* [TASK INSTRUCTIONS]
Down to the last line below, repeat the entries word for word and drop the pictures.

* [WORKING DATA]
====

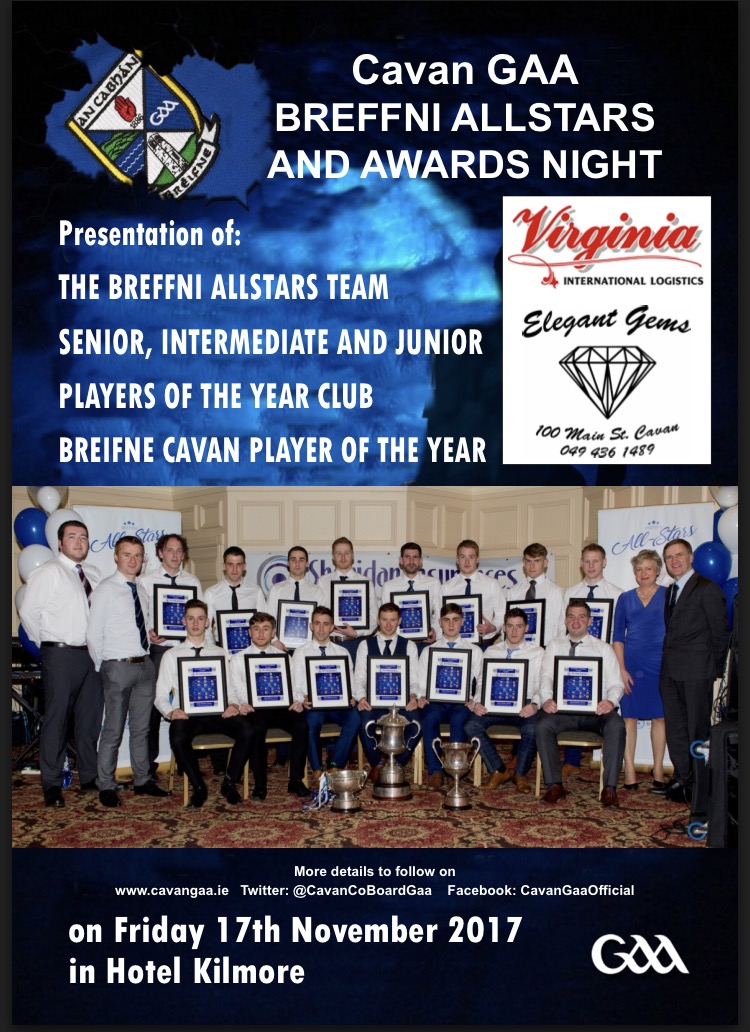 The Senior, Intermediate, Junior and Minor Players of the Year will be announced as well as referee awards, Hurling Player of the Year and the Club Breifne Cavan County Player of the Year for 2017.
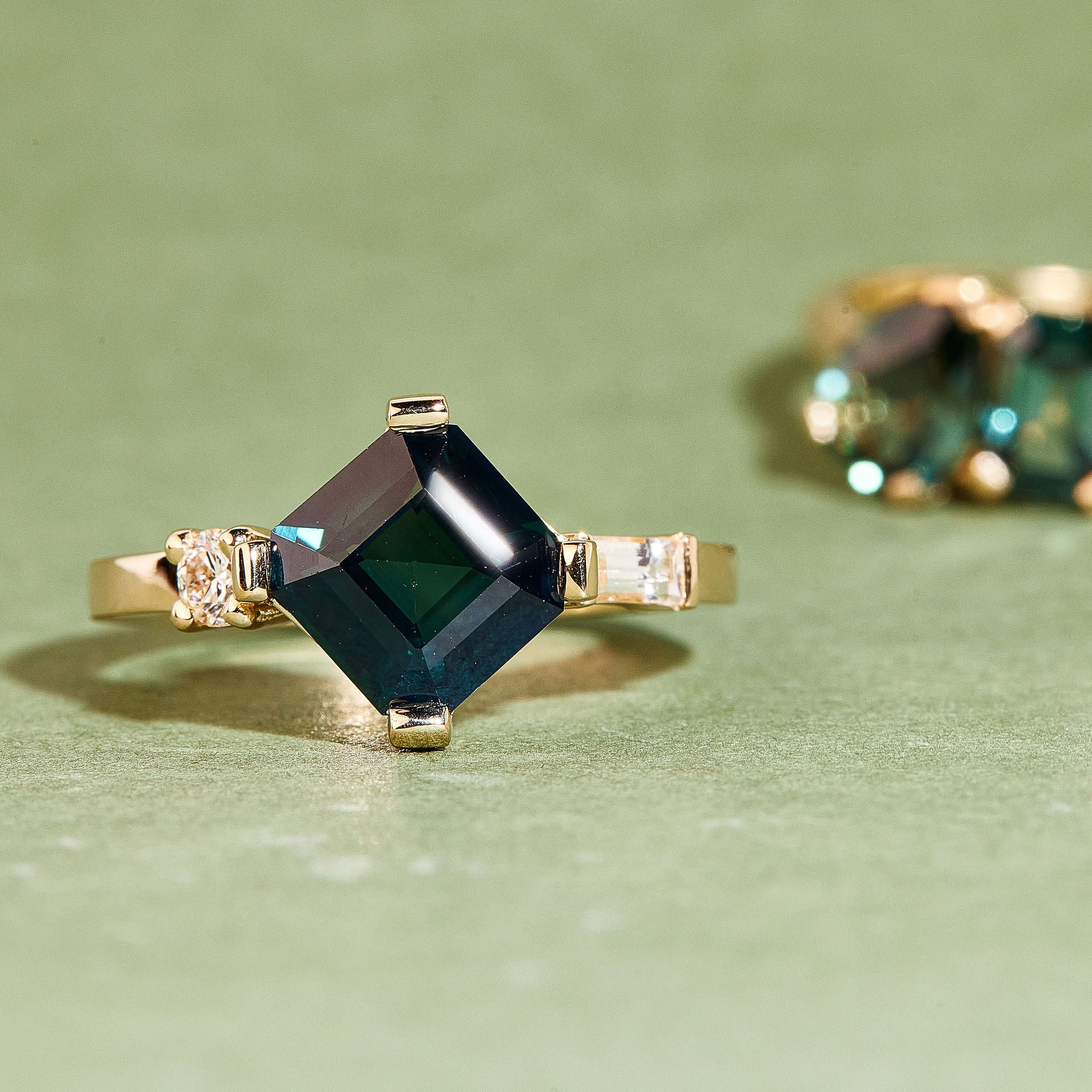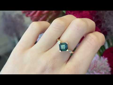 A 2.6ct asscher-cut Madagascan sapphire sits at the centre like a tranquil, deep pool of ocean blue. Set with tab claws on a flat squared band and flanked by crisp white diamonds, the design feels balanced and striking.
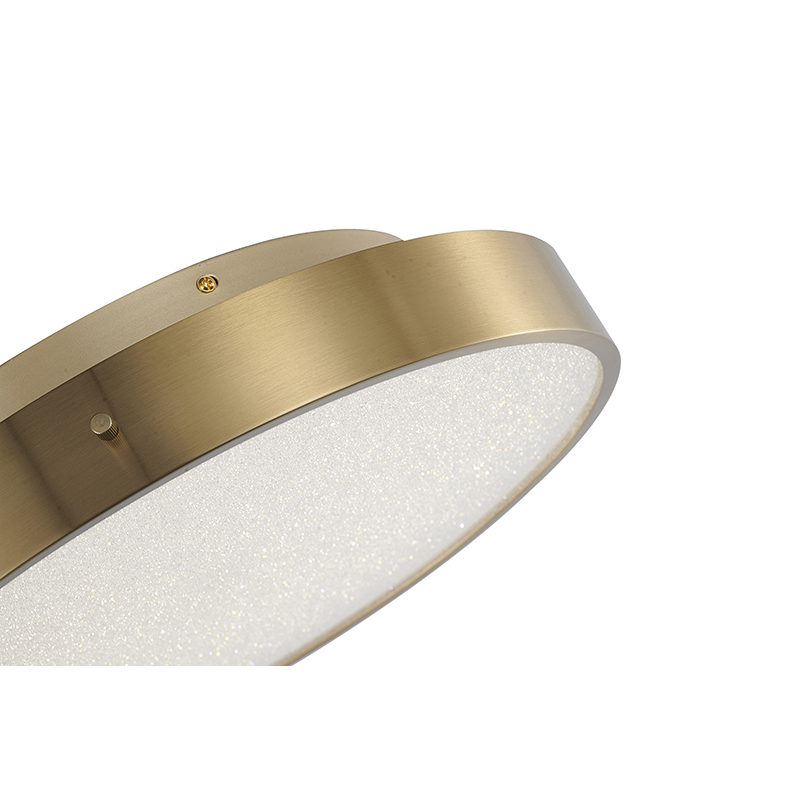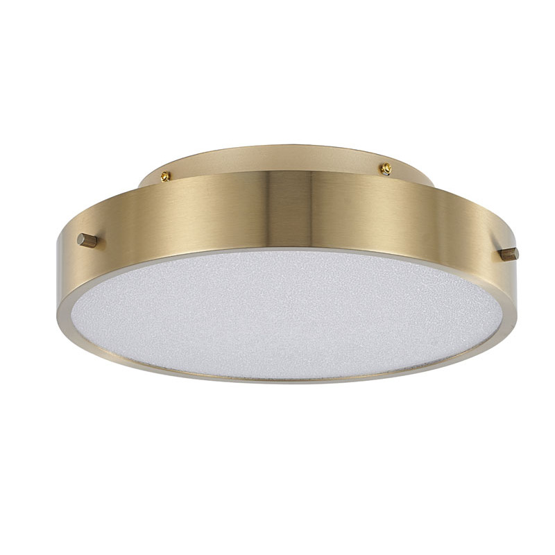 A BRASS FRAME LED FLUSH MOUNT WITH A CLEAR ACRYLIC BEADED DIFFUSER
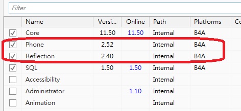 and I find In my internal libraries , Phone verion 2.52 and Reflection version 2.40 not "online"
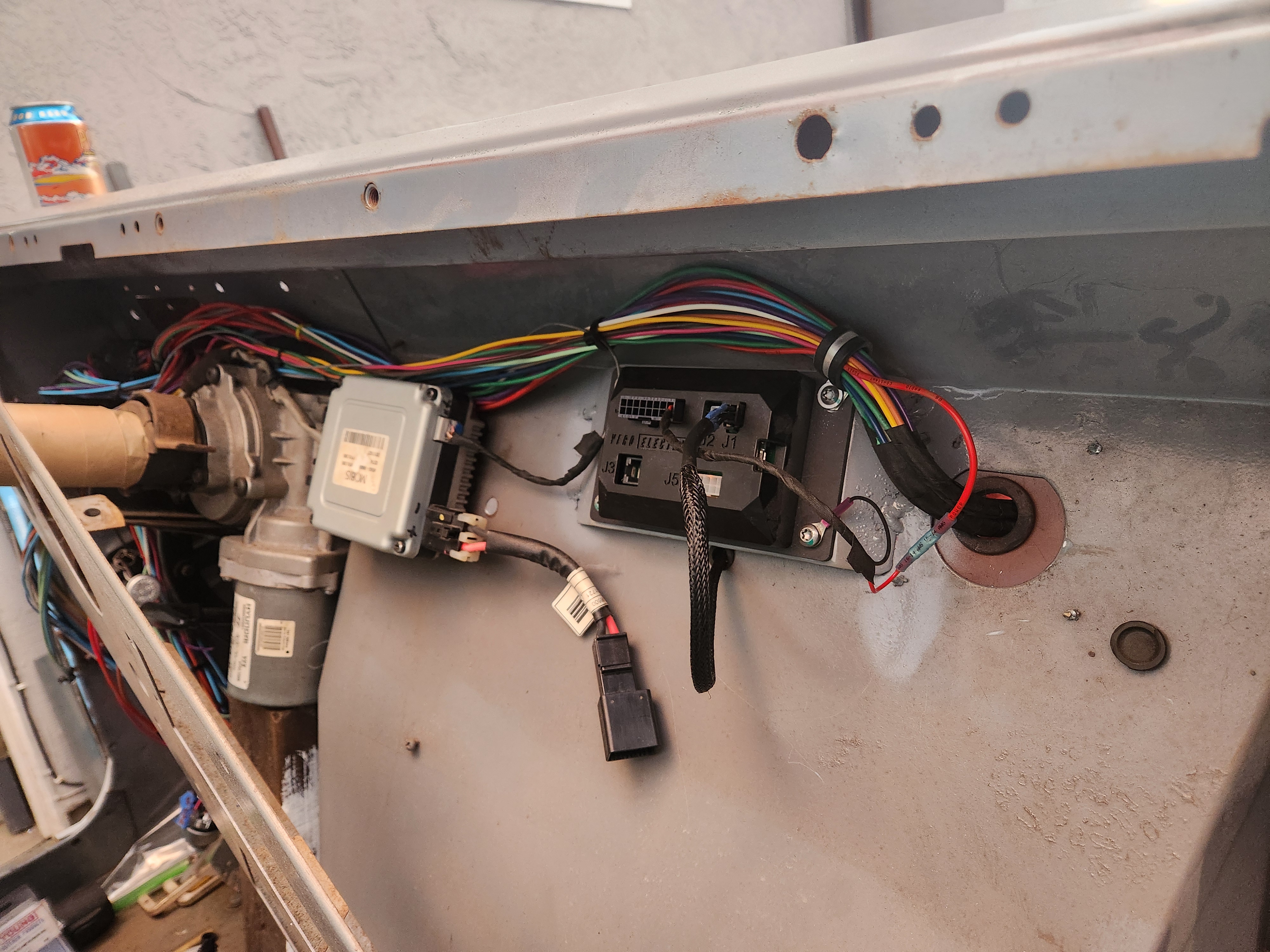 With the engine bay wiring mostly done, moving back now under dashboard. I'm using a VeroBMS (SIMPBMS based) and electing to mount under dashboard. After drilling holes in firewall to mount my steering ECU, I realized it is better to weld mounting brackets than drill so many holes, so made up a bracket and welded into place. Also tidied up the new wiring loom and wired in the steering ECU control line into switched power and BMS into perm 12V.
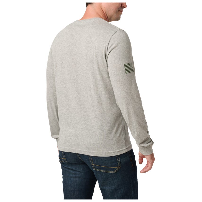 Blend in while standing out. This Woodland Camo Fill Long Sleeve Tee combines urban flair with a nod to classic camouflage. The graphic features the iconic 5.11 logo in a camo pattern, subtly merging style with tactical inspiration. Made from a soft cotton/polyester blend, it offers moisture-wicking comfort and durability, with fade-resistant inks ensuring the design stays sharp wash after wash. Perfect for your next urban jungle adventure.

====

* [TASK RESULT]
 The Senior, Intermediate, Junior and Minor Players of the Year will be announced as well as referee awards, Hurling Player of the Year and the Club Breifne Cavan County Player of the Year for 2017.
 A 2.6ct asscher-cut Madagascan sapphire sits at the centre like a tranquil, deep pool of ocean blue. Set with tab claws on a flat squared band and flanked by crisp white diamonds, the design feels balanced and striking.
 A BRASS FRAME LED FLUSH MOUNT WITH A CLEAR ACRYLIC BEADED DIFFUSER
 and I find In my internal libraries , Phone verion 2.52 and Reflection version 2.40 not "online"
 With the engine bay wiring mostly done, moving back now under dashboard. I'm using a VeroBMS (SIMPBMS based) and electing to mount under dashboard. After drilling holes in firewall to mount my steering ECU, I realized it is better to weld mounting brackets than drill so many holes, so made up a bracket and welded into place. Also tidied up the new wiring loom and wired in the steering ECU control line into switched power and BMS into perm 12V.
 Blend in while standing out. This Woodland Camo Fill Long Sleeve Tee combines urban flair with a nod to classic camouflage. The graphic features the iconic 5.11 logo in a camo pattern, subtly merging style with tactical inspiration. Made from a soft cotton/polyester blend, it offers moisture-wicking comfort and durability, with fade-resistant inks ensuring the design stays sharp wash after wash. Perfect for your next urban jungle adventure.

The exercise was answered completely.